I saw the post and almost responded with the most inane thing I could think of, then thought better of it, believing you or a moderator would just get rid of it, and that that was the best way it would be handled---repeatedly, if necessary.

I believe the poster likes fat women, but I also believe his underlying message is "please shout at me", "please disapprove of me" and "please be outraged".

He's as transparent as my 80-year-old father, who in his dementia loves to approach the security desks in Manhattan offices and tell them he has a bomb, or go up to supersize men and say, DIABETES! in a loud, clear voice.

There are people who want attention, and will get it any way they can---praise or condemnation.


----------



## EvilBob (Dec 27, 2005)

I am a firm believer that our freedoms must be upheld 100% of the time -- even when it allows hateful things to happen. As long as no physical harm is threatened or implied, words should be given full range to fly.

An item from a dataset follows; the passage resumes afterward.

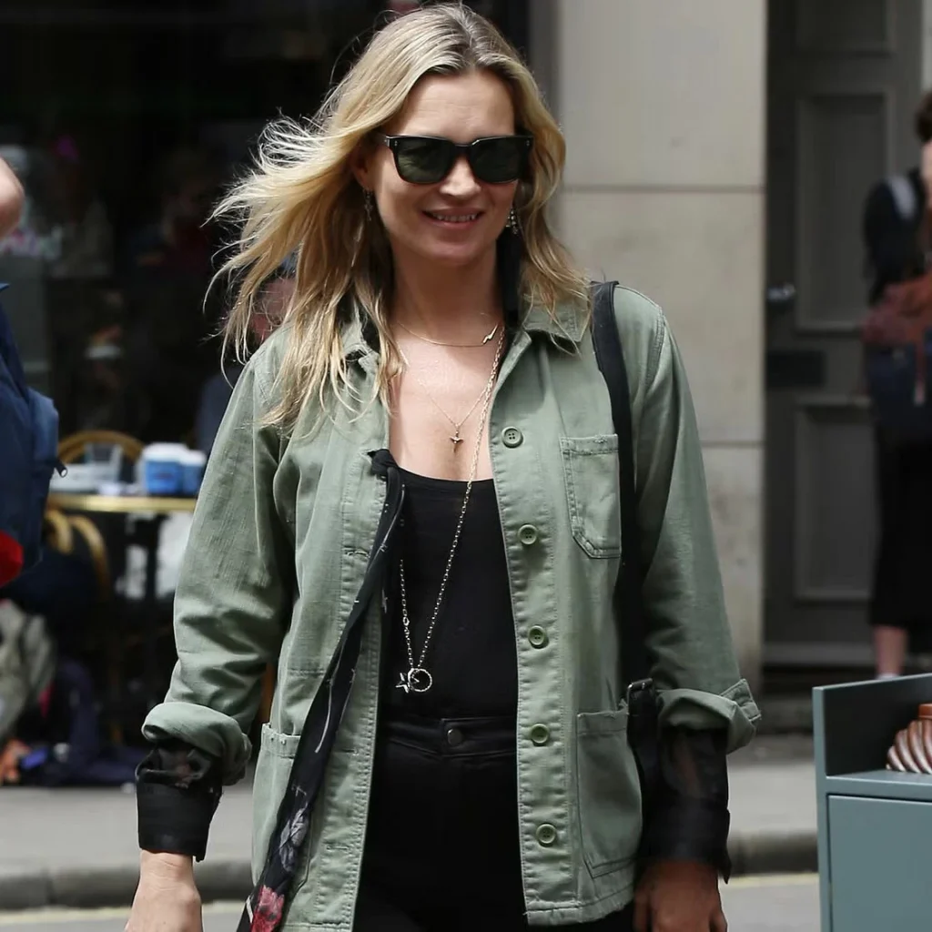 The look relied on coordinating the khaki jacket with basic everyday pieces like jeans and simple shoes, a style that reflects Kate Moss’s fashion philosophy based on spontaneity and avoiding excess, making classic pieces the focus of the look instead of accessories or extra details.

When a community like this one decides it does not want a member involved, the membership at large should just ignore the person. As with most bad ideas, when ignored, they fade away. However, when engaged, they thrive -- and the temptation to engage can be overwhelming at times when someone is offensive enough.

I spent almost a decade in Washington politics, ending up in the Clinton White House of all places, and after years of thought on the subject, I have decided that we need to be absolute in our protections of our freedoms. 

Even now, when there is a decent case to be made for spying on phone calls and email communications from Americans to others, it must be protected. Because we too often think that our system will protect us from any truly dangerous people getting into power -- so, we can trust the administration to be respectful of our rights while upholding our security. The plain fact is that once you set a precedent for spying on Americans without warrants, the practice can become much more commonplace. Once we set a precedent for banning certain speech that we don't like, we run the risk of someone, someday not liking what we have to say -- and quieting us.

So, if I have to err on one side or the other, I would protect any words someone may utter... no matter how hurtful that may seem. They are, after all, just ideas.

Best,
Scott


----------



## loves2laugh (Dec 27, 2005)

look i like this site a lot but there is also a lot on it that i think is offensive- i just stay away from those threads. i agree that everyone has the right to their own opinions an beliefs and they also have the right to express those beliefs. people find many of my beliefs upsetting and offensive, so i know what it feels like to have people silence you. i have the right to be heard just like i believe everyone else does.


----------



## LarryTheShiveringChipmunk (Dec 27, 2005)

Here's my rule on my board.

I own it, as if I own a house (I live in an apt so um..yeah) and my rules are the rules of the house. Just like I don't have the right to come into your home uninvited, or invited and cause a ruckus, no one has the RIGHT to do things you don't want on your property. That is where free speech ends and property rights begin. Free speech is for public discourse out IN PUBLIC..that's it. This is why newstations and network TV can decide what can and can't go on it. It may be a public setting but it's still someones property.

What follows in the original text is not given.